Biased random-key genetic algorithm for warehouse reshuffling

Detalhes bibliográficos
Ano de defesa: 2018
Autor(a) principal: BUENO, Leonardo de Almeida e
Orientador(a): Não Informado pela instituição
Banca de defesa: Não Informado pela instituição
Tipo de documento: Dissertação
Tipo de acesso: Acesso aberto
Idioma: eng
Instituição de defesa: Universidade Federal de Pernambuco
UFPE
Brasil
Programa de Pos Graduacao em Ciencia da Computacao
Programa de Pós-Graduação: Não Informado pela instituição
Departamento: Não Informado pela instituição
País: Não Informado pela instituição
Palavras-chave em Português:
Link de acesso: https://repositorio.ufpe.br/handle/123456789/31914
Resumo: Due to its strategical importance, the efficient stock management in a warehouse presents several challenges that can be approached using optimization methods. In this universe, frequently explored problems are ambient dimensioning, department organization and layout, stock organization and layout, pilling design, product storage and recovery methodology. Design and operation imprecisions and failures can result in large delays in the product delivery or even in missing items in final client stocks. Among the main causes of missing items in inventories, there are the incongruity between storage capacity and refilling frequency; infrequency, delay, or nonexistence of product restitution in shelves; inexact or wrong inventories; storages with the inadequate organization, package disruption and scarce availability; poor storage layout and inefficient operational services. To determine the optimized product stocking is a problem frequently approached in the literature throughout the decades. However, the increasing need or changes in the storage, increase the importance of other problem: the sequence of movement to obtain a particular stock organization, given the current organization of the items. This problem is known as stock rearrangement, stock shuffling, or stock reshuffling. The optimization of package reshuffling in large warehouses directly impacts the profits. Large warehouses need, very frequently, to reorganize stock because of: seasonality, market changes, logistics, and other factors. Certain types of products have higher demand during specific periods of the year. Products on sale may leave the stock faster, new products may have higher output. All these are examples that justify a frequent stock reshuffling. Warehouse stock reshuffling consists of repositioning items by moving them sequentially.

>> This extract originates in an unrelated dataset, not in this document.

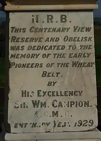 A celebration committee began preparations in 1928, and in 1929 produced a number of publications including calendars of events.[5] As 1929 approached, most towns formed their own committees and organised events, these ranged from special race meetings to regional shows, formal dinners, dances and sporting events. Additionally some towns and community organisations also renamed existing local features like parks and buildings, while others set aside an area for a monument which was then unveiled in the presence of dignitaries including the Governor, Premier and descendants of the early settlers.

Several studies aim to solve reshuffling problems by applying exact methods. However, due to the complexity of the problem, only heuristics result in practical solutions. This study investigates how to optimize unit-load warehouse reshuffling in multiple empty locations scenarios. Traditional heuristics are reviewed and an evolutionary programming approach is proposed for the unit-load warehouse reshuffling problem. Experimental results indicate the proposed heuristic perform satisfactorily in terms of computational time and is able to improve solution quality upon benchmark heuristics.